» Task:
Every line between the one containing "Zum Finale der" and the last line of the data, both included, is to be set down exactly, and pictures are to be omitted.

» Material for the task:
****************************************
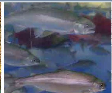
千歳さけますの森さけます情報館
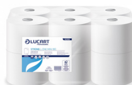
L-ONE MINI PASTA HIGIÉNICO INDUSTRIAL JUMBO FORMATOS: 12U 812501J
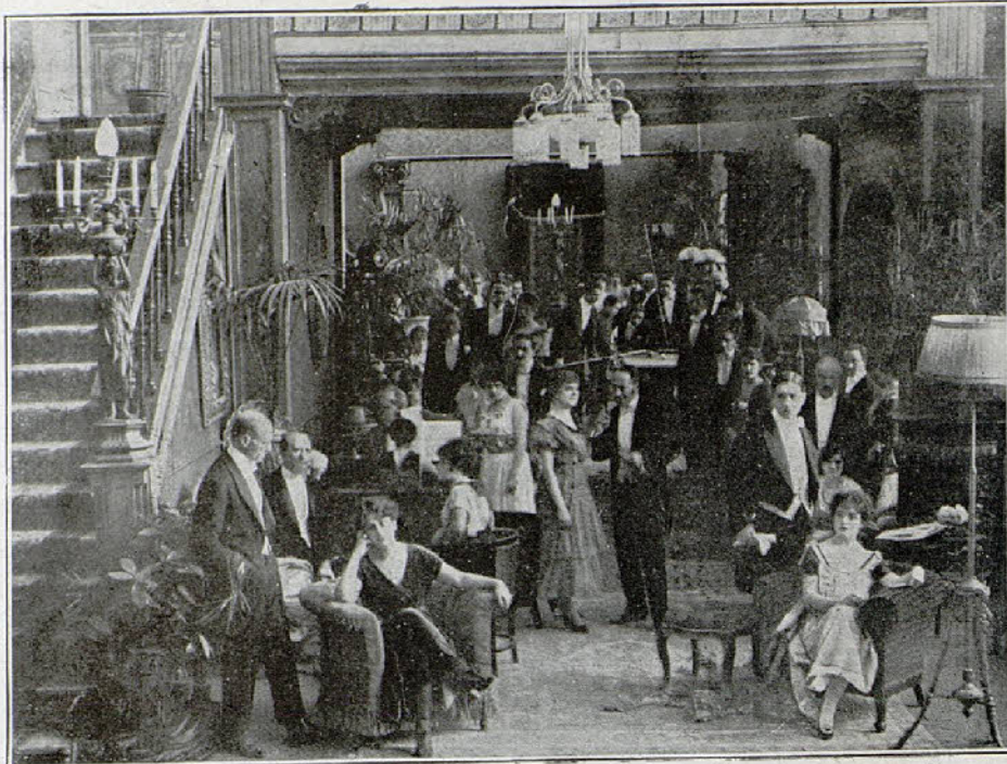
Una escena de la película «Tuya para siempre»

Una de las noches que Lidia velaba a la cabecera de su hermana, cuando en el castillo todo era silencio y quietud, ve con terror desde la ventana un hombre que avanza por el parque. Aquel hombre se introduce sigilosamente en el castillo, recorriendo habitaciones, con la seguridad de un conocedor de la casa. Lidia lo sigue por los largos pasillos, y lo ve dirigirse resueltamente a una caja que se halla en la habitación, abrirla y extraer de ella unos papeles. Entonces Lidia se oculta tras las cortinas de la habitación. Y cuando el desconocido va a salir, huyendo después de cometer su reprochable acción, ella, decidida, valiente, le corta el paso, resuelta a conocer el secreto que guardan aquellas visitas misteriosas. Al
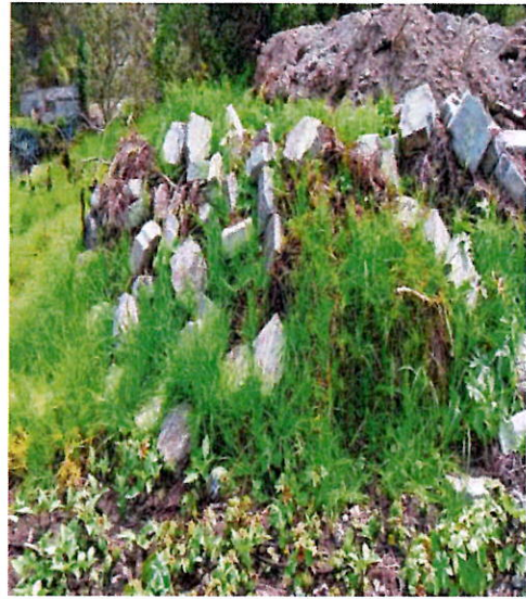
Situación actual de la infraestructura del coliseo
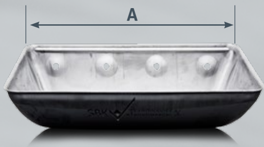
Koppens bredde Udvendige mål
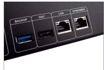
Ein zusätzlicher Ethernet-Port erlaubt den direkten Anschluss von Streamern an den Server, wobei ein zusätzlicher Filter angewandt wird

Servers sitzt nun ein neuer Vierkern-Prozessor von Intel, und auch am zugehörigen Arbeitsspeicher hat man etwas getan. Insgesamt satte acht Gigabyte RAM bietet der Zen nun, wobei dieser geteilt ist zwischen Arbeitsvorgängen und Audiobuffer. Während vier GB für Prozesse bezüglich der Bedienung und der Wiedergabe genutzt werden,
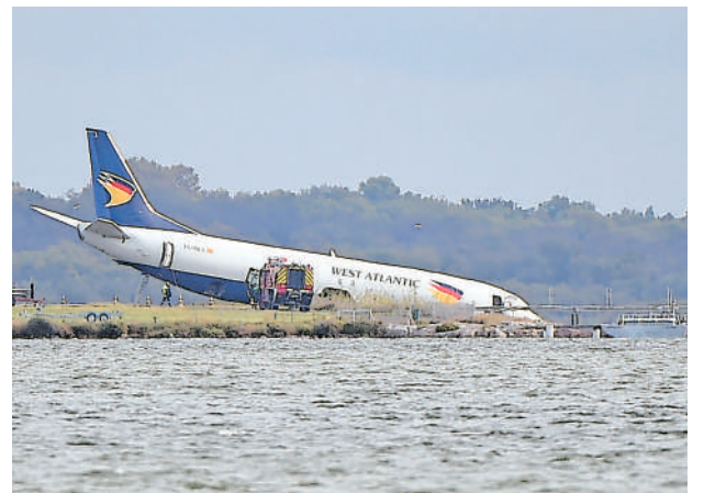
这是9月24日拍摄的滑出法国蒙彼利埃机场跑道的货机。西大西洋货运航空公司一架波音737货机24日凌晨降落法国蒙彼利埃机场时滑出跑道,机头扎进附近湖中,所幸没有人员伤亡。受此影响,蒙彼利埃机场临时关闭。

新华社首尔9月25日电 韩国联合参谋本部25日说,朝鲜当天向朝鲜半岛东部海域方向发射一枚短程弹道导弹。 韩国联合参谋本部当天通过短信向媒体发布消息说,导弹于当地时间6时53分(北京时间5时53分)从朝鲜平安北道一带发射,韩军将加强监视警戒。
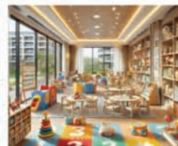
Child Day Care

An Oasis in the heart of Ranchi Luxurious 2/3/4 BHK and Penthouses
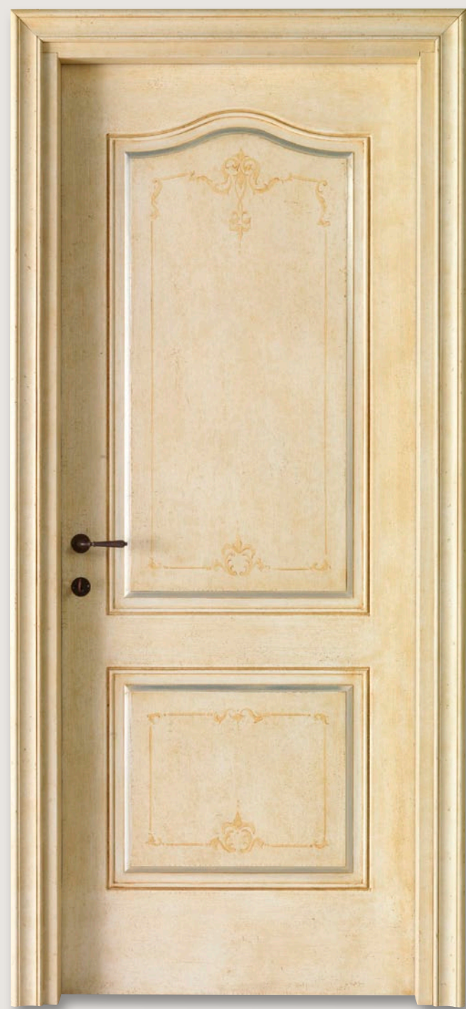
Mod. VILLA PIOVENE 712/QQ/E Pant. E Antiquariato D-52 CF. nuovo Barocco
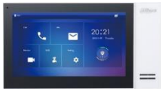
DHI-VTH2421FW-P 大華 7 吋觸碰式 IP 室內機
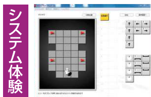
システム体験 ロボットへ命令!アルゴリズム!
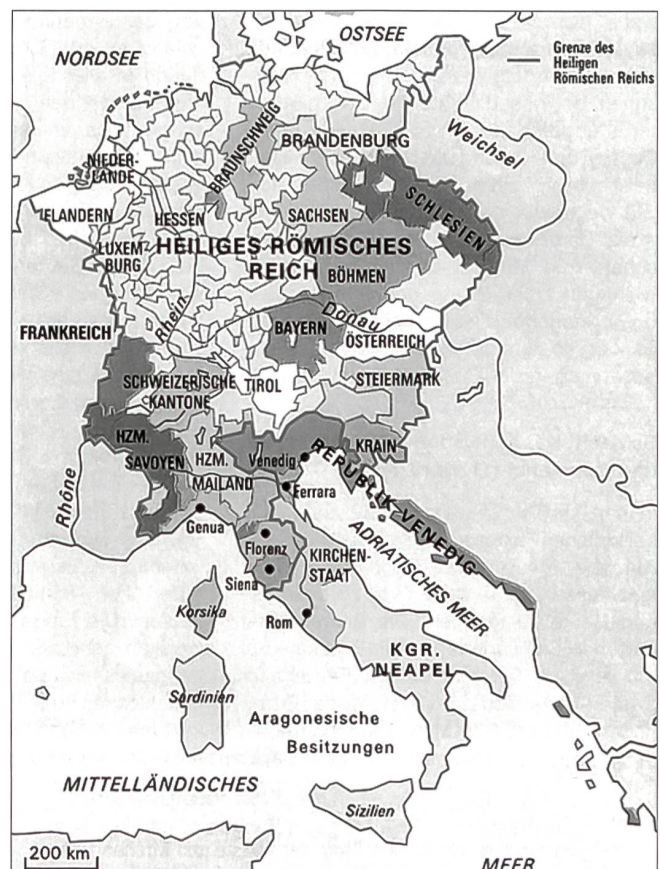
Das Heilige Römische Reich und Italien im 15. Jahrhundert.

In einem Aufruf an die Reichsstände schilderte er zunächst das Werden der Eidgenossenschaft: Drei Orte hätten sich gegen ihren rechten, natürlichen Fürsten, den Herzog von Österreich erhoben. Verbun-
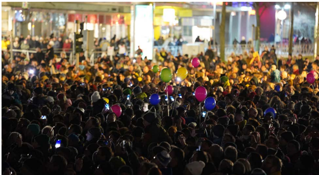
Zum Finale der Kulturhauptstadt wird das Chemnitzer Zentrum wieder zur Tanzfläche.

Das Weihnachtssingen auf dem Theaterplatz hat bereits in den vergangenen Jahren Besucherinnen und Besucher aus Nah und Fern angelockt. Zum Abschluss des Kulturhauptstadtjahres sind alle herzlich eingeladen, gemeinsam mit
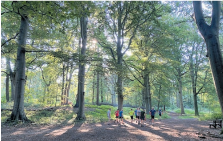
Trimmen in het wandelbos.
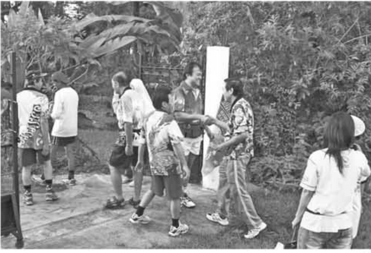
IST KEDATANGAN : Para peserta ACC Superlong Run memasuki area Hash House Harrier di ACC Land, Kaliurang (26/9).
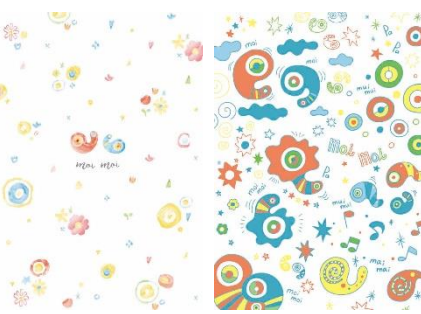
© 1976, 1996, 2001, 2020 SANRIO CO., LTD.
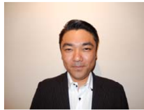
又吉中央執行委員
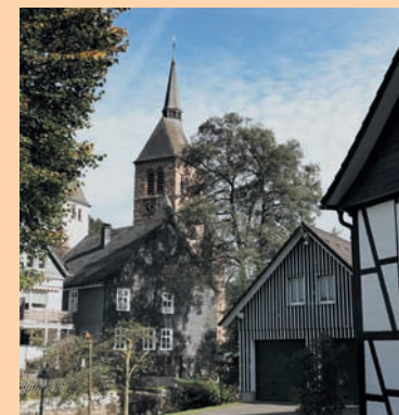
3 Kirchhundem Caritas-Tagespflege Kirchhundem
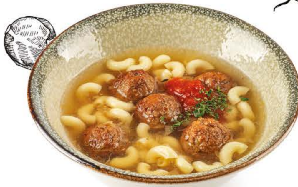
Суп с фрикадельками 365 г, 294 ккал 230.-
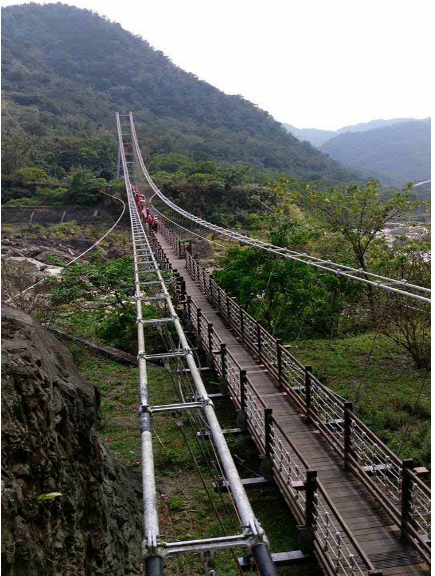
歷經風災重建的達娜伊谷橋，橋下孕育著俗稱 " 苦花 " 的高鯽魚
****************************************
» Task result:
Zum Finale der Kulturhauptstadt wird das Chemnitzer Zentrum wieder zur Tanzfläche.

Das Weihnachtssingen auf dem Theaterplatz hat bereits in den vergangenen Jahren Besucherinnen und Besucher aus Nah und Fern angelockt. Zum Abschluss des Kulturhauptstadtjahres sind alle herzlich eingeladen, gemeinsam mit
Trimmen in het wandelbos.
IST KEDATANGAN : Para peserta ACC Superlong Run memasuki area Hash House Harrier di ACC Land, Kaliurang (26/9).
© 1976, 1996, 2001, 2020 SANRIO CO., LTD.
又吉中央執行委員
3 Kirchhundem Caritas-Tagespflege Kirchhundem
Суп с фрикадельками 365 г, 294 ккал 230.-
歷經風災重建的達娜伊谷橋，橋下孕育著俗稱 " 苦花 " 的高鯽魚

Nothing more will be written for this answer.